This study extends the multi-depot vehicle scheduling problem with time windows (MDVSPTW) to the case of electric vehicles which can recharge at charging stations located at any point of the service operation area. We propose a mixed-integer nonlinear model for the electric bus multi-depot vehicle scheduling problem with time windows (EB-MDVSPTW). Our formulation considers not only the operational cost of vehicles, but also the waiting times. In addition, it explicitly considers the capacity of charging stations and prohibits the simultaneous charging of different vehicles at the same charger. Chargers are modeled as task nodes of an extended network and can be placed at any location utilizing the charging infrastructure of a city instead of using only bus-dedicated chargers.

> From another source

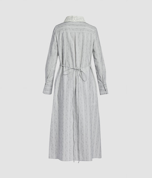 Ditsy Cotton Stripe Tie-Waisted Midi Dress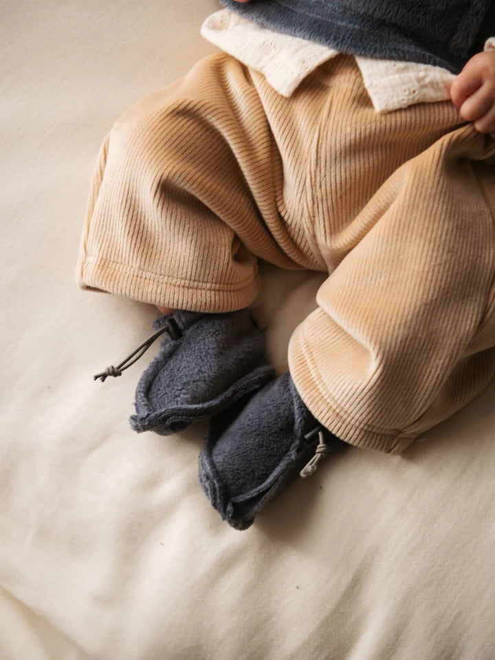 De slofjes met trekkoord zijn ontworpen om comfort en bescherming te bieden aan de voetjes van de allerkleinsten, zodat ze goed bedekt en warm blijven tijdens de koudere dagen. Dankzij het praktische trekkoordsysteem blijven ze stevig om de voetjes zitten zonder te knellen, zodat elke beweging in alle vrijheid kan worden gemaakt.

Further, we linearize the MINLP formulation of the EB-MDVSPTW by reformulating it to a mixed-integer linear program (MILP) that can be solved to global optimality. Because EB-MDVSPTW is NP-Hard, we also introduce valid inequalities to tighten the search space of the MILP and we investigate the trade-off between the compactness and the tightness of the problem in benchmark instances with up to 30 trips. In the numerical experiments, we show that the valid inequalities reduce the problem’s compactness by increasing up to three times the number of constraints, but, at the same time, improve tightness resulting in computational time improvements of up to 73% in 20-trip instances. The implementation of our exact approach is demonstrated in a toy network and in the benchmark instances of Carpaneto et al. (1989).

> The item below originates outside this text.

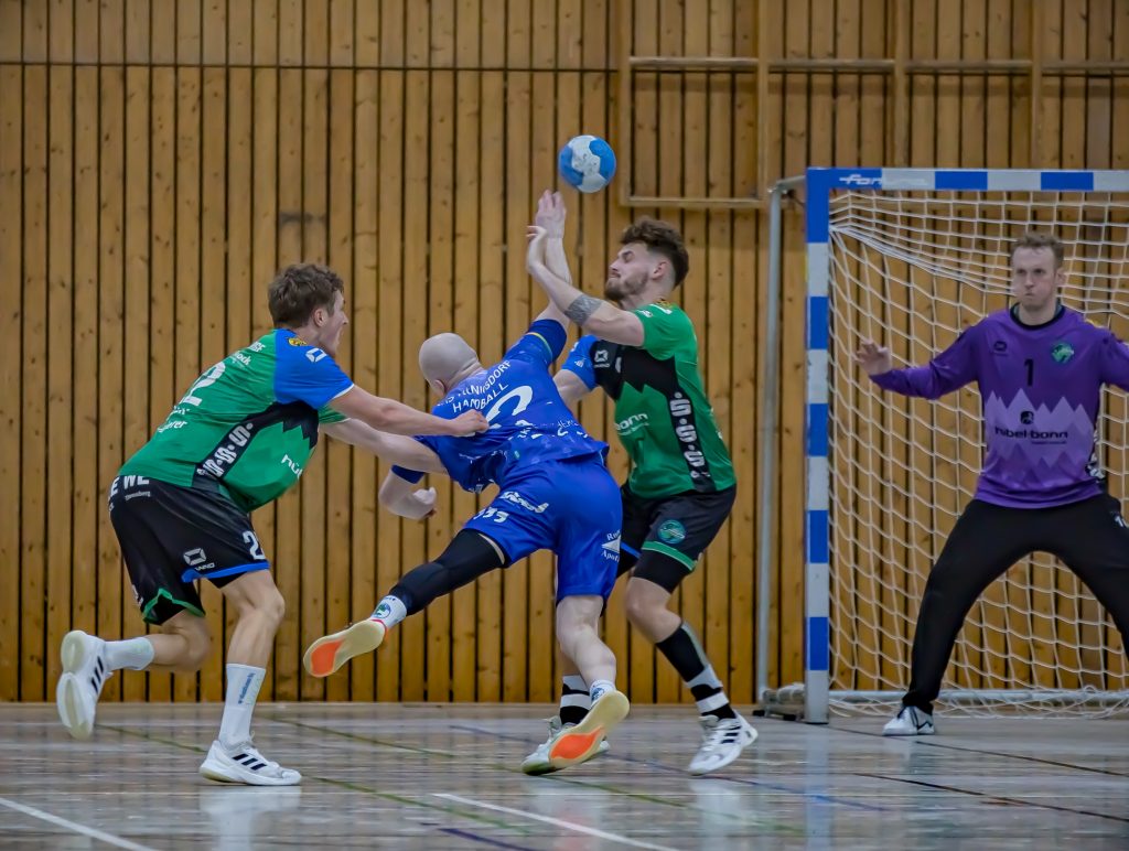 Viel vorgenommen hatten sich die Handball-Herren der Grün-Blauen für das am vergangenen Sonntag stattfindende Top-Spiel der Oberliga Nordrhein beim Tabellenzweiten TuS Königsdorf. Allerdings musste sich das Team von Trainer Lars Degenhardt nach 60 schwachen Minuten verdient den Gastgebern mit 35:38 geschlagen geben. Im Duell der bis dato verlustpunktfreien Spitzen-Teams der Liga war es die erste Niederlage der Siebengebirgler der Saison.

本研究将带时间窗的多站点车辆调度问题 (MDVSPTW) 扩展到可以在位于服务运营区域任意点的充电站充电的电动汽车的情况。我们针对带时间窗的电动公交多站点车辆调度问题提出了混合整数非线性模型 (EB-MDVSPTW)。我们的公式不仅考虑了车辆的运营成本，还考虑了等待时间。此外，它明确考虑了充电站的容量，禁止不同车辆在同一充电器上同时充电。充电器被建模为扩展网络的任务节点，可以放置在利用城市充电基础设施的任何位置，而不是仅使用公交车专用充电器。进一步，我们通过将 EB-MDVSPTW 的 MINLP 公式重新公式化为可以解决全局最优性的混合整数线性规划 (MILP)，将其线性化。因为 EB-MDVSPTW 是 NP-Hard，我们还引入了有效的不等式来收紧 MILP 的搜索空间，并且我们研究了最多 30 次行程的基准实例中问题的紧凑性和紧密性之间的权衡。在数值实验中，我们表明有效的不等式通过增加多达三倍的约束数量来降低问题的紧凑性，但同时提高了紧密性，从而在 20 次行程实例中导致计算时间缩短高达 73% . 我们的精确方法的实现在玩具网络和 Carpaneto 等人的基准实例中得到了证明。（1989）。